La philatélie est un raccourci de la vie chinoise : fleurs, papillons, travail en usine, construction de barrage : il n'y a pas de colle au verso des timbres, on plonge un petit pinceau dans un flacon de colle liquide. Les prix sont calculés sur un boulier à billes de bois. Les étudiants passent leurs vacances annuelles aux champs ou à l'usine. On a même  pu voir Mao lui-même jeter un ou deux cailloux sur l'emplacement d'un barrage..

 La petite troupe poursuit ses pérégrinations. Le problème avec les guides est de savoir ce qui est interdit de voir ou non, et pourquoi. Personne ne le sait trop, y compris les guides et tout se termine par des protestations d'amitié franco-chinoise. 
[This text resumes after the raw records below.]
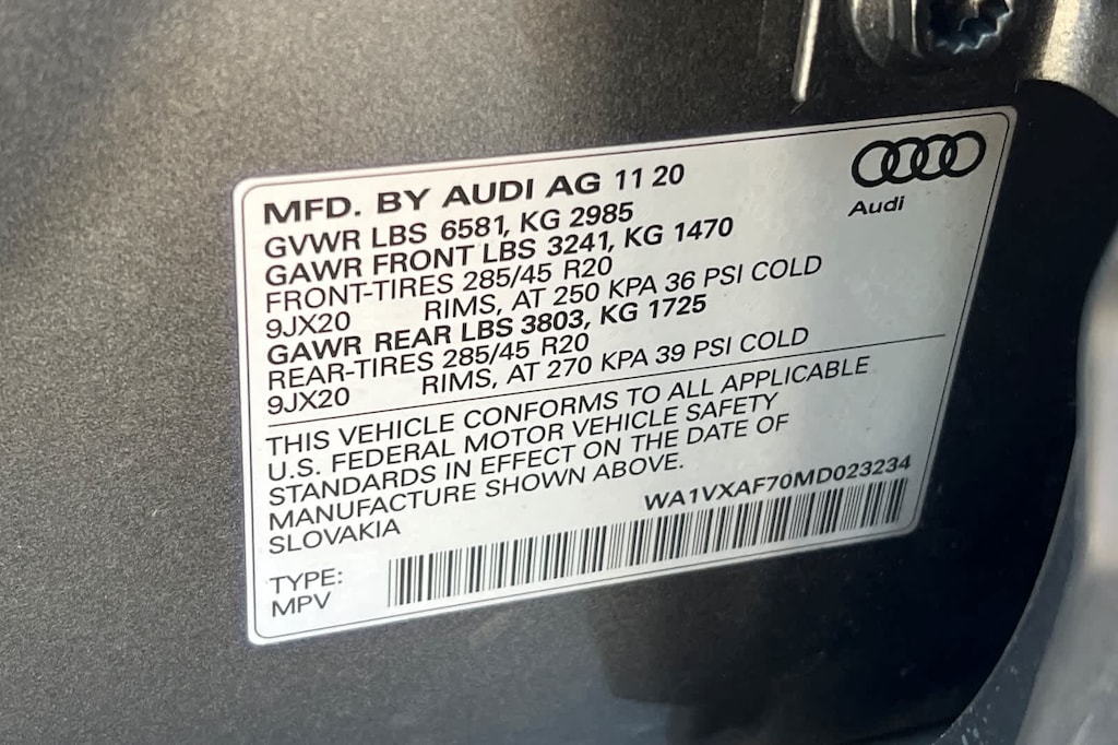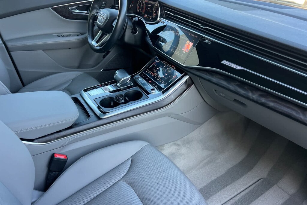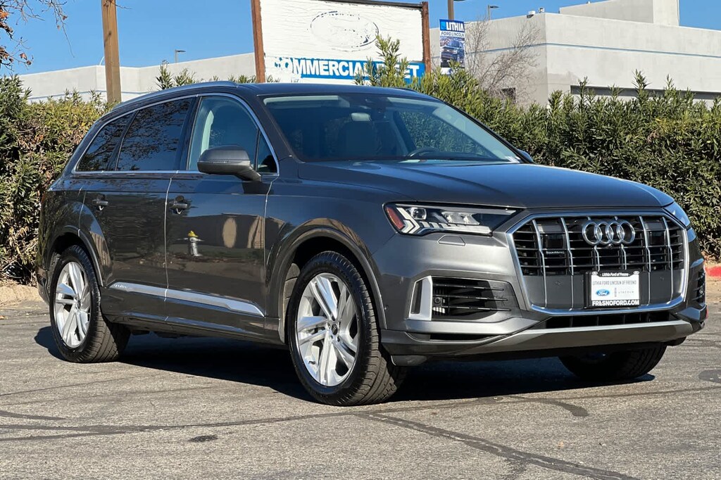 Lithia Ford and Lincoln of Fresno is pleased to offer this Samurai Gray Metallic 2021 Audi Q7 55 Prestige for purchase, this vehicle is well equipped with many features including: Ambient Interior Lighting Package, Contour/Ambient LED Interior Lighting Package, Convenience Package (3-Spoke Multifunction Steering Wheel w/Paddles, Audi Phone Box w/Wireless Charging, Heated Auto-Dimming Power Folding Exterior Mirrors, and Topview Camera System), Executive Package (4-Zone Automatic Climate Control, Audi Active Lane Assist w/Emergency Assist, Audi Adaptive Cruise Assist w/Traffic Jam Assist, Driver & Passenger Front Seats w/Ventilation, Heated Rear Seats, and Rear Door/Side Windows & Tailgate Sunshades), Interior Protection Package, Prestige Package (Bang & Olufsen 3D Premium Sound System, Comfort Adaptive Air Suspension, Dual-Pane Acoustic Side Windows, Head-Up Display, Illuminated Door Sills, Intersection Assist, Matrix-Design LED Headlights, Power Soft-Closing Doors, Traffic Sign Recognition, and Wheels: 20 5-Spoke Turbine-Design), Towing Package (Tow Hitch Receiver), 10 Speakers, 3.204 Axle Ratio, 3rd row seats: bench, 4-Wheel Disc Brakes, ABS brakes, Air Conditioning, Alloy wheels, AM/FM radio: SiriusXM, Audi smartphone interface (Apple CarPlay/Android Auto), Auto High-beam Headlights, Auto-dimming Rear-View mirror, Automatic temperature control, Brake assist, Bumpers: body-color, Compass, Delay-off headlights, Driver door bin, Driver vanity mirror, Dual front impact airbags, Dual front side impact airbags, Electronic Stability Control, Emergency communication system: Audi connect CARE, PRIME & PLUS, Exterior Parking Camera Rear, Four wheel independent suspension, Front anti-roll bar, Front Bucket Seats, Front Center Armrest, Front dual zone A/C, Front fog lights, Front reading lights, Fully automatic headlights, Garage door transmitter: HomeLink, Genuine wood door panel insert, Gray/Brown Fine Grain Ash Natural Wood Inlays, Heated door mirrors, Heated Front Bucket Seats, Heated front seats, Illuminated entry, Leather Seating Surfaces, Leather Shift Knob, Leather steering wheel, Low tire pressure warning, Memory seat, Navigation system: Audi MMI Navigation plus with Touch Response, Occupant sensing airbag, Outside temperature display, Overhead airbag, Overhead console, Panic alarm, Passenger door bin, Passenger vanity mirror, Power door mirrors, Power driver seat, Power Liftgate, Power moonroof, Power passenger seat, Power steering, Power windows, Radio data system, Radio: Audi Sound System, Rain sensing wipers, Rear air conditioning, Rear anti-roll bar, Rear fog lights, Rear reading lights, Rear seat center armrest, Rear window defroster, Rear window wiper, Reclining 3rd row seat, Remote keyless entry, Roof rack: rails only, Security system, Speed control, Speed-sensing steering, Split folding rear seat, Spoiler, Steering wheel memory, Steering wheel mounted audio controls, Tachometer, Telescoping steering wheel, Tilt steering wheel, Traction control, Trip computer, Turn signal indicator mirrors, Variably intermittent wipers, and Wheels: 19 5-Arm-Star Design. quattro 3.0L TFSI V6 DOHC 8-Speed Automatic with Tiptronic 55 Prestige quattro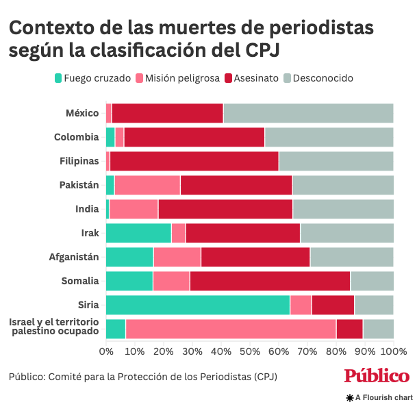 Según los periodistas sin fronteras (RSF), la mayoría de los periodistas que cubren los conflictos de guerra para grandes medios y agencias son Trabajadores trabajadores independientes. Esto deja a los trabajadores en tonterías aún mayores. De hecho, según CPJ, el 32% de los periodistas muertos en Gaza y Cisjordania ¿No fueron los trabajadores de la empresa cooperar con, Mientras que el otro 68% trabaja para las agencias palestinas o árabes y los medios de comunicación.
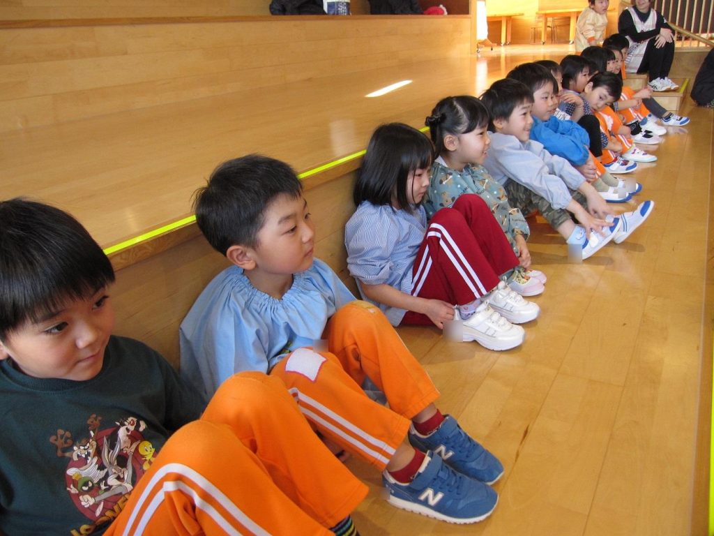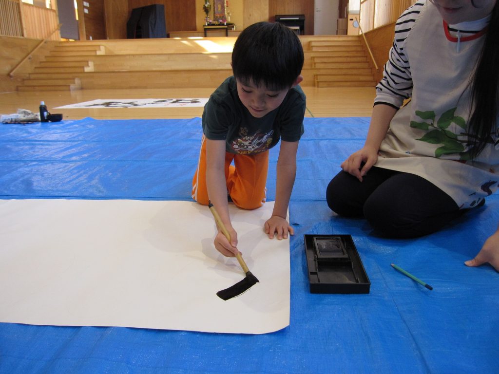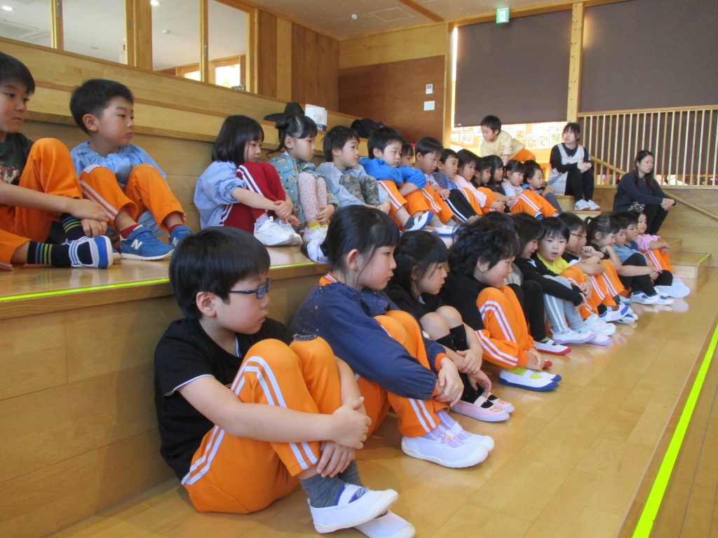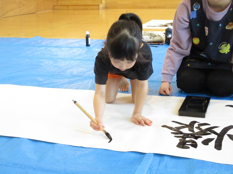 大きい筆で書くさき先生を真剣に見ていた子どもたちです✨「すご~い」や「わ~」と喜んでいた子どもたちでしたよ😊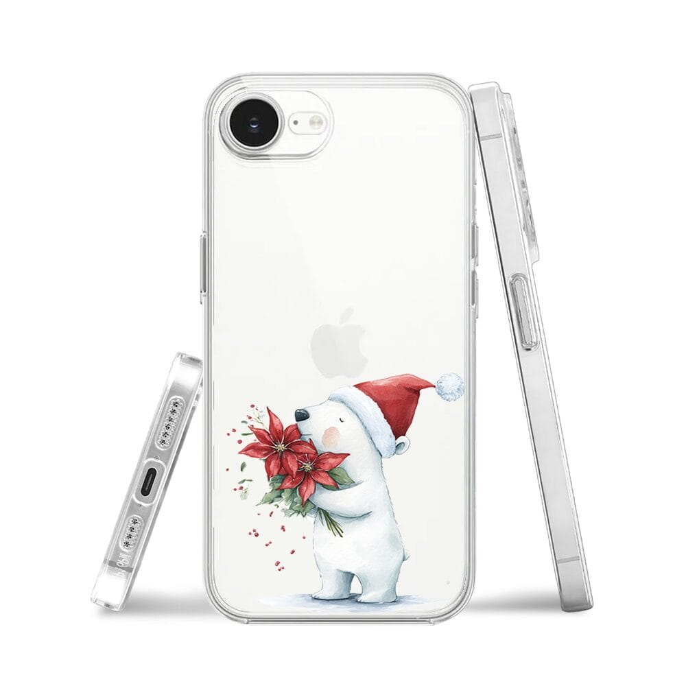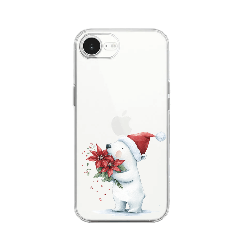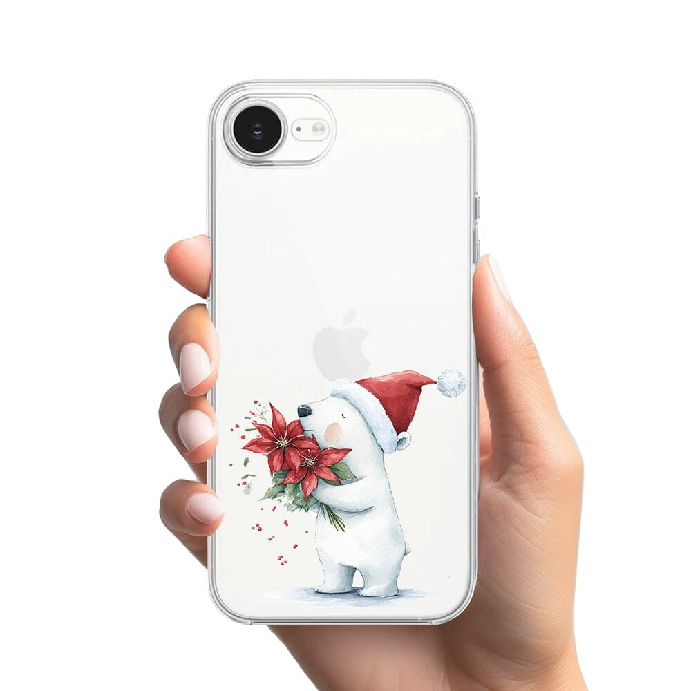 Etui do iPhone 16e przeźroczyste, silikonowe Flexi, Przytulne święta, Miś świąteczny

 Puis c'est le voyage en train. La campagne est très pauvre. Quelques rares cultures sur un flanc  de colline. Les pâturages sont un luxe que les Chinois ne peuvent pas se permettre. Pas d'élevages, mais aussi pas de chiens. Les Occidentaux affirment qu'ils ont été mangés au cours des grandes famines de 1946 quand des millons de personnes moururent de faim. Quand on parle de la disparition des chiens, les Chinois s'indignent ou éludent. Mais il faut dire aussi que dans la Chine nouvelle, les mouches ont été pratiquement éliminées.

Dans le wagon restaurant, on sert un très convenable repas chinois, tout en s'excusant de l'indignité des mets qu'on offre ... Tout est propre et sans odeurs : la propreté est un devoir national.  

 

 

Loyang. Les Bouddhas datent de la fameuse époque Han, qui, pendant 400 ans fut à l'art chinois ce que l'art gréco-romain fut à la civilisation occidentale. 

La petite troupe s'arrête dans le vieux Loyang. La foule se presse autour d'elle, L'un des touristes applaudit, et bientôt il est entouré d'un cercle sonore d'applaudissements sans fin. pour ces amis de la Chine qui viennent de "Fago" (la France). La troupe se divise en deux groupes : l'un va visiter une usine de roulements à billes, l'autre une école, dont la directrice est très sympathique.

 

Les excursions se terminent par une visite à Hang-Tcheou, une station thermale. Après avoir bu  du thé du "Puits du Dragon", le plus fameux de Chine, c'est la visite d'une école modèle, puis la rencontre d'un viel homme portant un sceau de fumier de porc. L'engrais naturel a toujours été une des richesses de la Chine : c'est "l'or marron".

Vient enfin le moment du départ. Les douaniers font leur travail plus que consciencieusement, flairant une bonne affaire. Les excédents de bagages du groupe sont énormes. Ils partiront par train, à un coût très mnime.